Peter Baye, a coast ecologist who works with Friends of the Gualala River, notes that GRT still hasn’t surveyed for spotted owls or protected species of rare plants. ““I really have doubts whether they are following protocols, or just shuffling paperwork,” he said.
Friends of the Gualala River and Forest Unlimited have filed a notice of their intention to sue to stop the plan. They will likely seek an injunction to stop the logging pending a trial that could occur later this or next year.
On July 16, about 200 people attended a rally against the Dogwood plan Dogwood Plan at Gualala Point Regional Park. Gualala Redwoods Timber forester Henry Alden, whose previous job was with Maxxam, has said that criticism of the logging plan is exaggerated, and that the company plans to log much more selectively than most critics of the project have been led to believe.
But the Gualala River has already sustained enormous damage.
In 1998, the US Environmental Protection Agency listed the Gualala River watershed as "impaired" due to excessive sediment under the Federal Clean Water Act. The EPA stated that "significant reductions in human-induced erosion are needed to protect aquatic habitat and cold water fish."
As founder of a state-funded watershed history database known as the Klamath Resource Information System, which covers most of northwestern California, Arcata-based fisheries biologist Patrick Higgins is a leading expert on the historical impacts of logging along the Gualala River. While growing up in the 1960s, he made frequent fishing trips to the river, describing it as "a veritable Shangri-La for fishermen."
"Nothing in the last 10,000 years, probably a million years, has ever duplicated the degree of disturbance in the Gualala River watershed as has occurred since World War II," Higgins says of logging's impacts in that era.
Former California Department of Forestry and Fire Protection (Cal Fire) director Richard Wilson lives outside the northeastern Mendocino County town of Covelo.
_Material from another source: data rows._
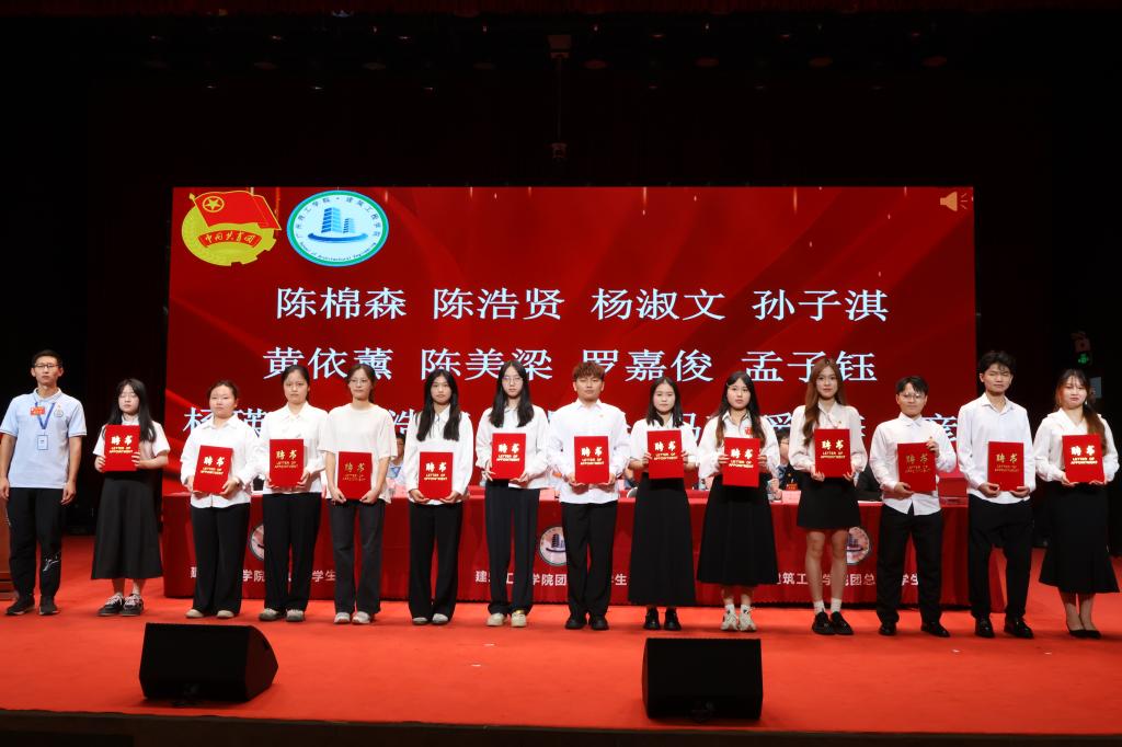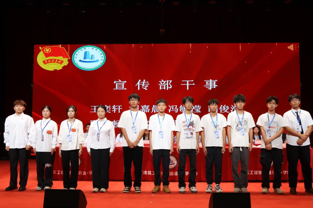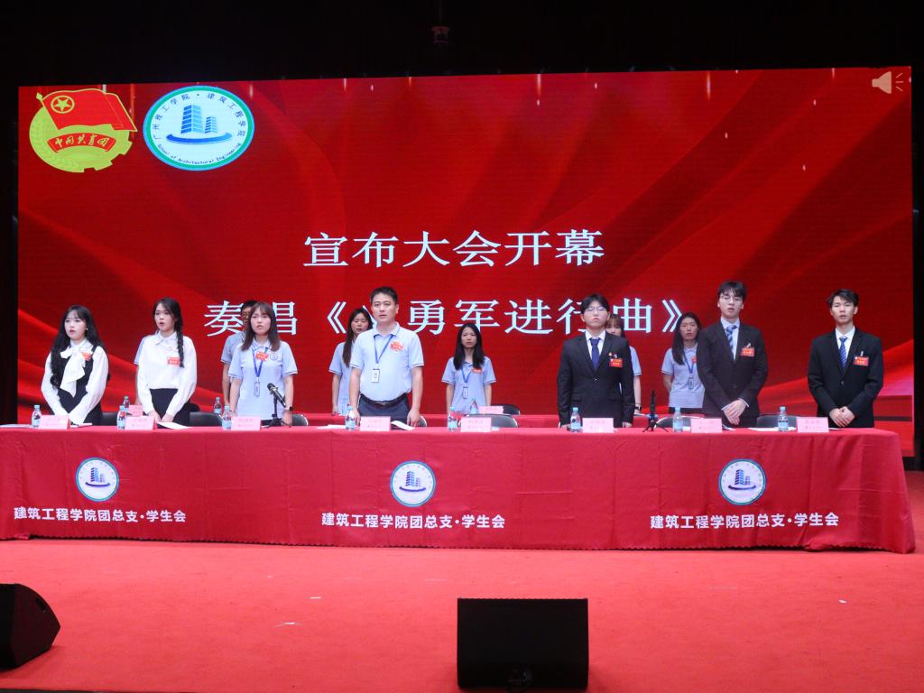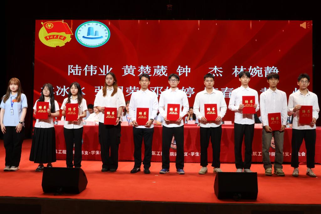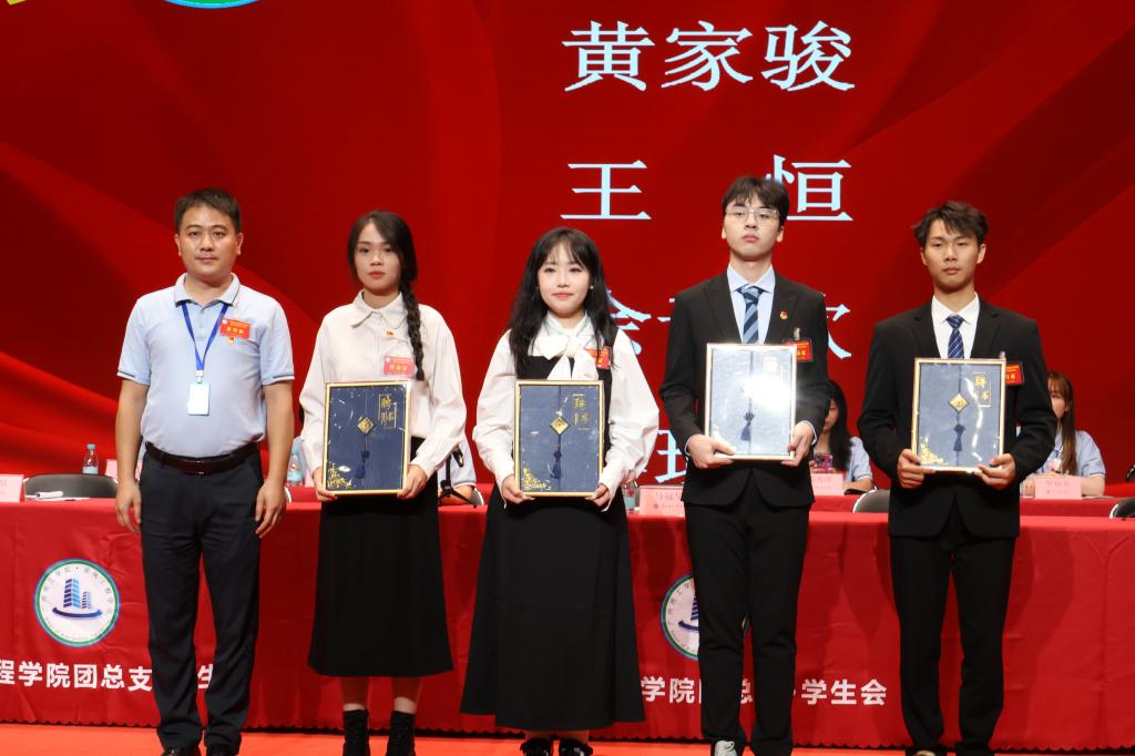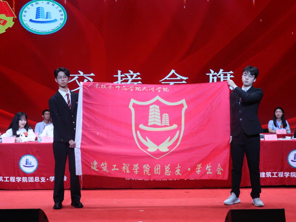 在换届大会中,马冠华书记为122cc太阳集成游戏第四届团总支、学生会副书记及主席团颁发了聘书。同时,马冠华书记等领导、老师对第四届干部颁发聘书及对新任学生干部进行授牌,各部门第四届干部为新干事授牌。新任执行主席周宏茂与上任执行主席王恒进行会旗交接仪式。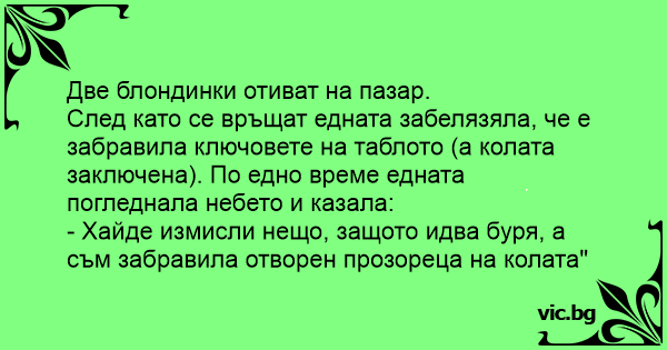- Хайде измисли нещо, защото идва буря, а съм забравила отворен прозореца на колата"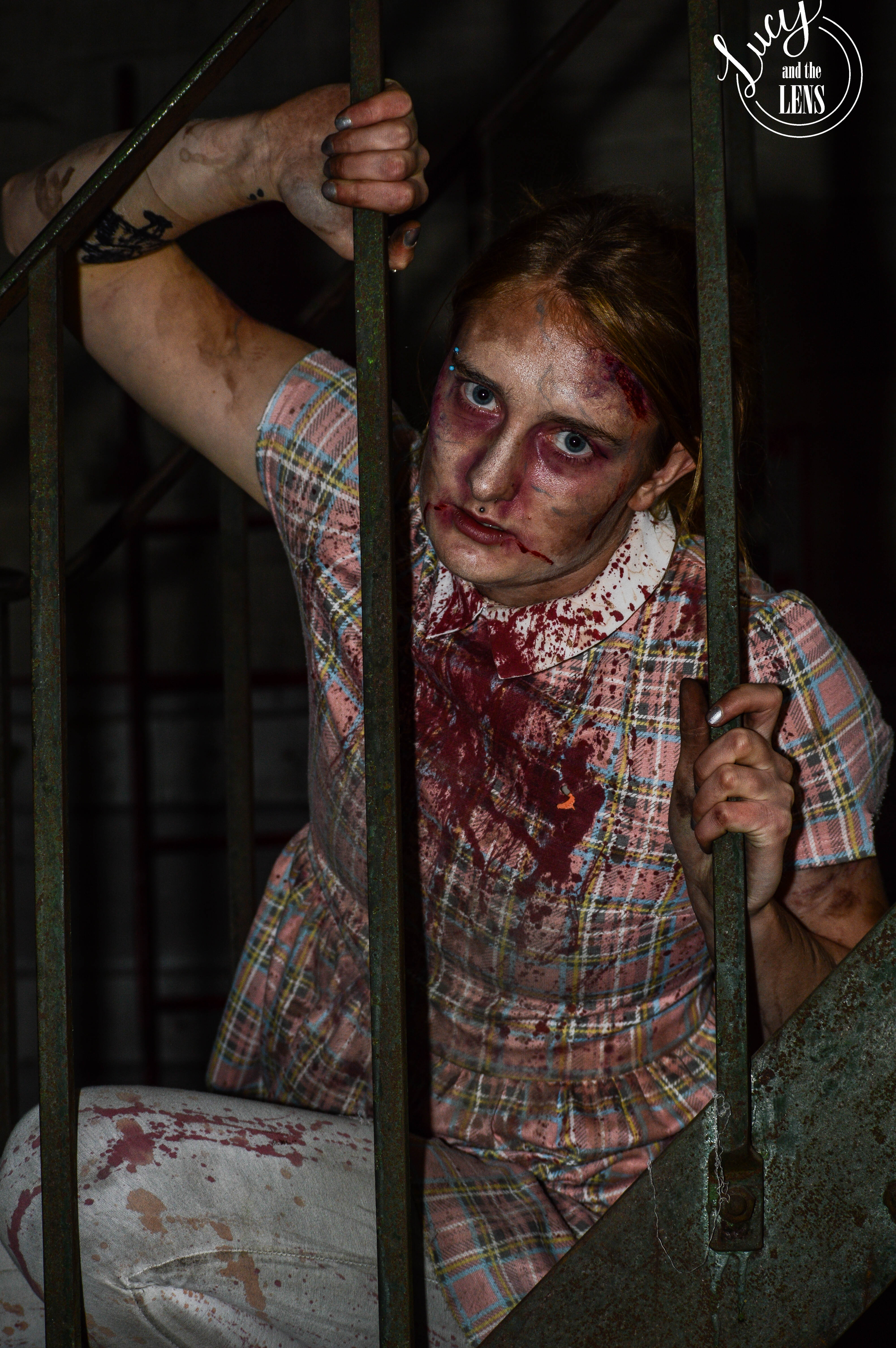 On the 13/10/2018 i went to a photography session days event at Atlas Studios where there was a mystery set which was zombies. This fits perfectly with the Halloween theme. There were also some bloody knives over a door which enhanced this. I framed her under these to add to the terror of Halloween. I also enjoyed using the strobe under the stairs as it added a dark and moody feel to the zombies. The zombies caged and trying to break out adds a conventional, zombie movie-esque horror to the images and creates a sense of escape from reality.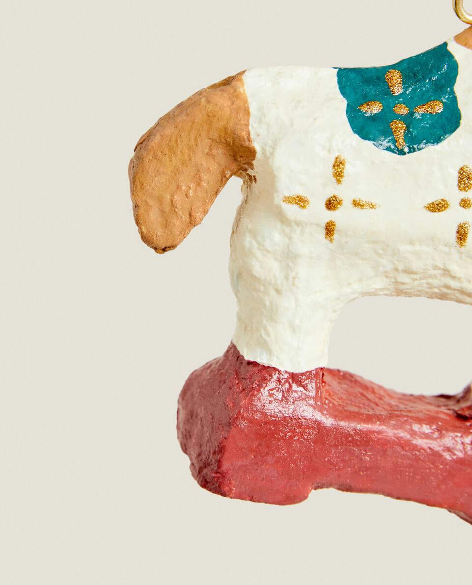 Adorno para árbol de Navidad hecho en papel maché con forma de caballo balancín.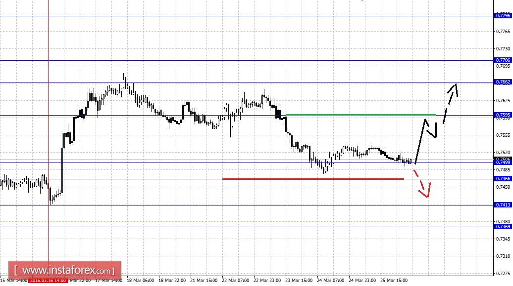Краткосрочное нисходящее движение возможно в коридоре 0.7499 – 0.7466, пробой последнего значения должен сопровождаться выраженным движением, здесь цель – 0.7413. Потенциальным значением для низа считаем уровень 0.7369, по достижении которого ожидаем консолидацию.
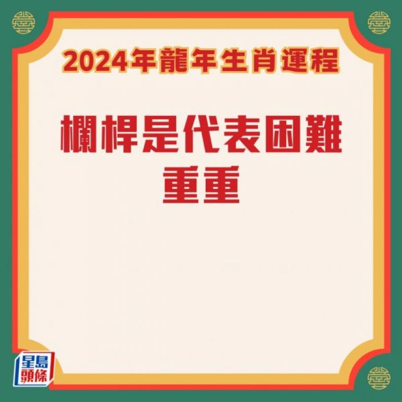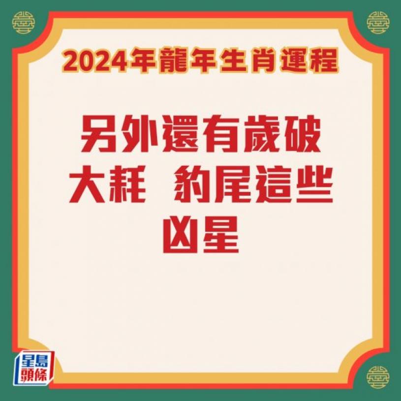 不過,今年的人際關係真的要非常小心,因為有欄桿凶星,另外還有歲破、大耗 豹尾這些凶星。欄桿是代表困難重重,歲破是會得罪重要的人,大耗是大破財星,所以今年投資盡量要保守一點。而豹尾就是踏到豹的尾巴被咬一口,所以今年是容易得罪人。

During Wilson’s tenure at Cal Fire, from 1991 to 1999, he sought to address the problem of over-harvesting by requiring that timber companies file 100-year management plans for sustaining the volume of timber in their forests, called “sustained yield plans.”
But he says the industry has used its political clout to undermine these regulations, such that a large proportion of the state’s remaining timberlands continue to be degraded.
“We’ve got the rules,” Wilson says. “It’s a question of enforcing them.”
(A version of this story also appears in the North Bay Bohemian.)